I sit on the edge of the tub and watch while Amity patiently separates her hair into clumps and puts those clumps into rollers, winding them up, one by one. She’s dropped the formality of boxer shorts and camisole and stands naked, her freshly showered ass to my face.

“Hey, baby, did you know that Eva Catrell is going to be there tonight with her shit-kicker boyfriend?”

My first trip at the airline I flew with Eva Catrell, who tried to get me to fuck her while we were on a layover in Amarillo. I had dinner with her, and she suggested we go back to her room, where she gave me a Valium and poured me a drink, and we lay down on her bed. She told me she always brought her vibrator on her layovers, but loved when she didn’t have to use it. Get it?
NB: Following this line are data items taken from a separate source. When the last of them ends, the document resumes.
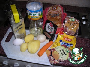 Берём картофель и натираем его на мелкой тёрке. Отжимаем жидкость, крахмал, чтобы была слегка суховата. Затем натираем лук, морковь, чеснок. Добавляем 1 куриное яйцо, перец, карри, соль и мускатного ореха по вкусу. (Главное - не переборщить мускатного ореха)
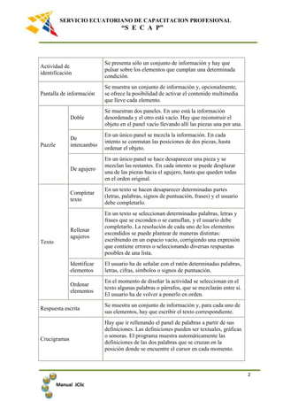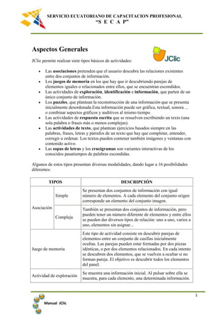 JClic permite realizar siete tipos básicos de actividades como asociaciones, juegos de memoria, actividades de exploración e identificación, puzzles, actividades de respuesta escrita y de texto como crucigramas y sopas de letras. Estas actividades pueden presentarse de diversas modalidades dando lugar a 16 posibilidades diferentes. El programa JClic y su autor JClic permiten crear, ver y ejecutar actividades de forma sencilla con diversas herramientas y opciones.
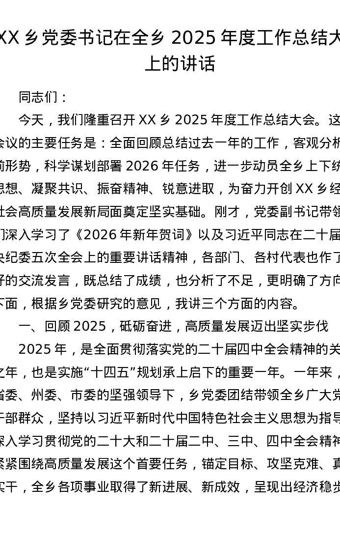 XX乡党委书记在全乡2025年度工作总结大会上的讲话
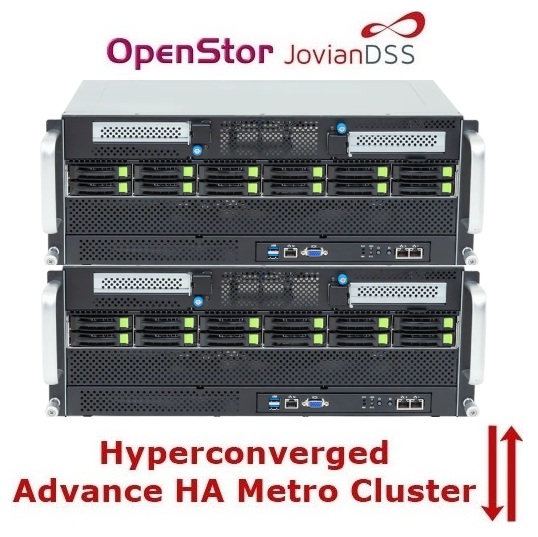 Descrizione: SOLUZIONE INTEL IN HA - 2 x 4U Hyperconverged ZFS OpenStor JovianDSS HA Metro Cluster (iSCSI/NFS/SMB/FC), 12 Bay 2.5'' Full NVMe, Dual Processor - 2x25Gbit SFP28 (100Gbit opt.) - 2x10GbE - 4* Redundant 3000W

This gal was rough around the edges, tougher than most of the guys I’d slept with. “Rode hard and put up wet,” as Amity would say. When I

realized she wasn’t offering me her vibrator as a loan, I got off the bed and headed for the door, but before I got out of the room, she stuck her tongue down my throat. The next day, she drank Bloody Marys on the last flight and insisted on taking me home with her, since it was too late to commute to Kansas. I begged off and let her drop me at what I claimed was a friend’s apartment house where I called a cab to take me to a hotel.

“Oh great,” I say.

“Don’t worry,” Amity answers, finishing up on her hair. “I’m sure she didn’t tell her boyfriend that she French-kissed you, Harry!”

“I bet her pussy tastes like sourdough biscuits and campfire logs.”